Project Management Skills

Job Details

Job Title: Project Manager Sustaining Engineering & Fixture Development

Location: Onsite Madison, WI

Job Type: Full-Time / Contract

Industry: Medical Devices / Engineering / Manufacturing





Job Summary:



We are seeking a skilled and detail-oriented Project Manager with a background in engineering to lead and manage multiple sustaining engineering and fixture development projects within a regulated medical device environment. This role will be based onsite in Madison, WI and will involve collaboration across multiple departments including Product Development, Quality, Regulatory, and Manufacturing.





Key Responsibilities:



Project Management:

  • Lead and execute sustaining engineering and fixture development projects, including both hardware and software components, from initiation to completion.
  • Develop and maintain project plans, budgets, timelines, and resource allocations.
  • Facilitate project meetings, track milestones, manage risks/issues, and report progress to stakeholders.
  • Lead risk assessments and create mitigation strategies to minimize project delays and cost overruns.
  • Ensure all project deliverables meet regulatory, quality, and business requirements.

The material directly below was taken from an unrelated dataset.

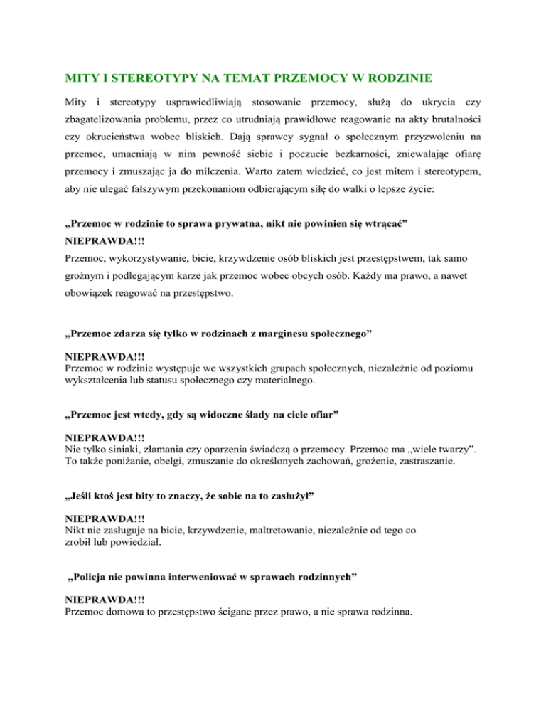 MITY I STEREOTYPY NA TEMAT PRZEMOCY W RODZINIE Mity i stereotypy usprawiedliwiają stosowanie przemocy, służą do ukrycia czy zbagatelizowania problemu, przez co utrudniają prawidłowe reagowanie na akty brutalności czy okrucieństwa wobec bliskich. Dają sprawcy sygnał o społecznym przyzwoleniu na przemoc, umacniają w nim pewność siebie i poczucie bezkarności, zniewalając ofiarę przemocy i zmuszając ja do milczenia. Warto zatem wiedzieć, co jest mitem i stereotypem, aby nie ulegać fałszywym przekonaniom odbierającym siłę do walki o lepsze życie: „Przemoc w rodzinie to sprawa prywatna, nikt nie powinien się wtrącać” NIEPRAWDA!!! Przemoc, wykorzystywanie, bicie, krzywdzenie osób bliskich jest przestępstwem, tak samo groźnym i podlegającym karze jak przemoc wobec obcych osób. Każdy ma prawo, a nawet obowiązek reagować na przestępstwo. „Przemoc zdarza się tylko w rodzinach z marginesu społecznego” NIEPRAWDA!!! Przemoc w rodzinie występuje we wszystkich grupach społecznych, niezależnie od poziomu wykształcenia lub statusu społecznego czy materialnego. „Przemoc jest wtedy, gdy są widoczne ślady na ciele ofiar” NIEPRAWDA!!! Nie tylko siniaki, złamania czy oparzenia świadczą o przemocy. Przemoc ma „wiele twarzy”. To także poniżanie, obelgi, zmuszanie do określonych zachowań, grożenie, zastraszanie. „Jeśli ktoś jest bity to znaczy, że sobie na to zasłużył” NIEPRAWDA!!! Nikt nie zasługuje na bicie, krzywdzenie, maltretowanie, niezależnie od tego co zrobił lub powiedział. „Policja nie powinna interweniować w sprawach rodzinnych” NIEPRAWDA!!! Przemoc domowa to przestępstwo ścigane przez prawo, a nie sprawa rodzinna. „Ofiary przemocy w rodzinie akceptują przemoc” NIEPRAWDA!!! Ofiary przemocy w rodzinie nie chcą być źle traktowane przez swoich bliskich. Starają się bronić siebie i innych zagrożonych przemocą członków rodziny. Chcą przerwać przemoc, ale pozostawiając w osamotnieniu, często nie potrafią tego zrobić. „To był jednorazowy incydent, który nigdy się nie powtórzy” NIEPRAWDA!!! Przemoc domowa niemal nigdy nie jest wyjątkowym, pojedynczym wydarzeniem. Przemoc ma tendencję do powtarzania się. Nie zatrzymana eskaluje i przybiera na sile. Nie wolno czekać i łudzić się, że sama się skończy. Przemoc nigdy sama nie mija – trzeba stanowczo powiedzieć NIE i podjąć konsekwentne działania by wyjść z przemocy. „Gdyby ofiara naprawdę cierpiała, odeszłaby od sprawcy” NIEPRAWDA!!! Nikt nie lubi być poniżanym i bitym. Tkwienie w związku pełnym krzywdzenia wynika między innymi z wyznawania tradycyjnych wartości takich jak miłość, trwałość małżeństwa, mylnego przeświadczenia, że sprawca jest doby dla dzieci, gdyż ich nie bije, przekonania o zależności ekonomicznej od sprawcy i niemożności samodzielnego funkcjonowania, wiary, w obietnice sprawcy, że się zmieni, nieracjonalnego obwiniania się za przemoc, czy też braku wiedzy na temat miejsca, gdzie osoba dotknięta przemocą może znaleźć bezpieczne schronienie i specjalistyczną pomoc. „Przyczyną przemocy w rodzinie jest alkohol” NIEPRAWDA!!! Nawet uzależnienie od alkoholu nie zwalnia od odpowiedzialności za działania dokonywane pod jego wpływem. Alkohol może nasilać przemoc i ułatwia jej stosowanie. Stanem nietrzeźwości sprawcy próbują usprawiedliwić fakt znęcania się nad członkami rodziny. „Gwałt w małżeństwie nie istnieje” NIEPRAWDA!!! Małżeństwo nie zmienia definicji gwałtu. Gwałt polega na zmuszeniu innej osoby do poddania się czynowi nierządnemu lub do wykonania takiego czynu. „Osoby używające przemocy muszą być chore psychicznie” NIEPRAWDA!!! Przemoc jest dążeniem do przejęcia pełniej władzy i kontroli nad innymi osobami. Nie ma żadnych danych wskazujących na istnienie bezpośredniego związku pomiędzy przemocą a chorobą psychiczną. „Nie ujawnia się tajemnic rodzinnych” NIEPRAWDA!!! Przemoc jest poważnym problemem, który niszczy nie tylko osobę, która jej doświadcza, ale również innych członków rodziny narażonych na uczestniczenie w aktach przemocy. Nie można ukrywać przemocy i pozostawać biernym. Takie zachowanie na pewno nie uzdrowi rodziny. Należy chronić przed przemocą siebie i swoich bliskich. Ujawnienie problemu i zwrócenie się po specjalistyczną pomoc nie ma nic wspólnego z ujawnianiem tajemnic rodzinnych. Przemoc domowa nie może być tajemnicą. Nie ma innej drogi do wyjścia z przemocy, niż ujawnienie jej i przeciwdziałanie. „Nie można zmienić swego przeznaczenia” NIEPRAWDA!!! Przemoc w rodzinie nie jest nikomu przeznaczona. Doznawanie przemocy przez lata nie oznacza, że tak musi być i, że trzeba się z tym pogodzić. Wręcz przeciwnie, przemocy trzeba się przeciwstawić. Nigdy nie jest za późno, aby przerwać milczenie i zwrócić się po pomoc.

Cross-Functional Leadership:

  • Collaborate with cross-functional teams including Product Development, Quality, Regulatory, Supply Chain, and Manufacturing.
  • Interface with external vendors and contract manufacturers as necessary.
  • Act as the primary point of contact for project communications and updates.

Sustaining Engineering:

  • Manage engineering change orders (ECOs), product updates, and part obsolescence strategies.
  • Support root cause investigations and CAPA (Corrective and Preventive Actions).
  • Lead initiatives for cost reduction, design optimization, and improved product reliability.

Fixture Development:

  • Oversee design, validation, and implementation of manufacturing fixtures and tooling.
  • Ensure fixtures comply with ergonomic, safety, and regulatory standards.
  • Support equipment/process validation including IQ/OQ/PQ and associated documentation.

Qualifications:



Education:

  • Bachelor's degree in Engineering, Biomedical Engineering, Mechanical Engineering, Computer Science, or related technical field.

Experience:

  • Minimum 3 years of project management experience in the medical device industry.
  • Experience with sustaining engineering and manufacturing environments preferred.

Skills & Competencies:

  • Strong knowledge of FDA 21 CFR Part 820, design controls, ISO 13485, and GMP regulations.
  • Proficiency in project management tools such as Microsoft Project, Smartsheet, or Jira.
  • Excellent written and verbal communication, leadership, and interpersonal skills.
  • PMP certification or equivalent is a plus.
  • Familiarity with CAD tools and fixture/tooling design is desirable.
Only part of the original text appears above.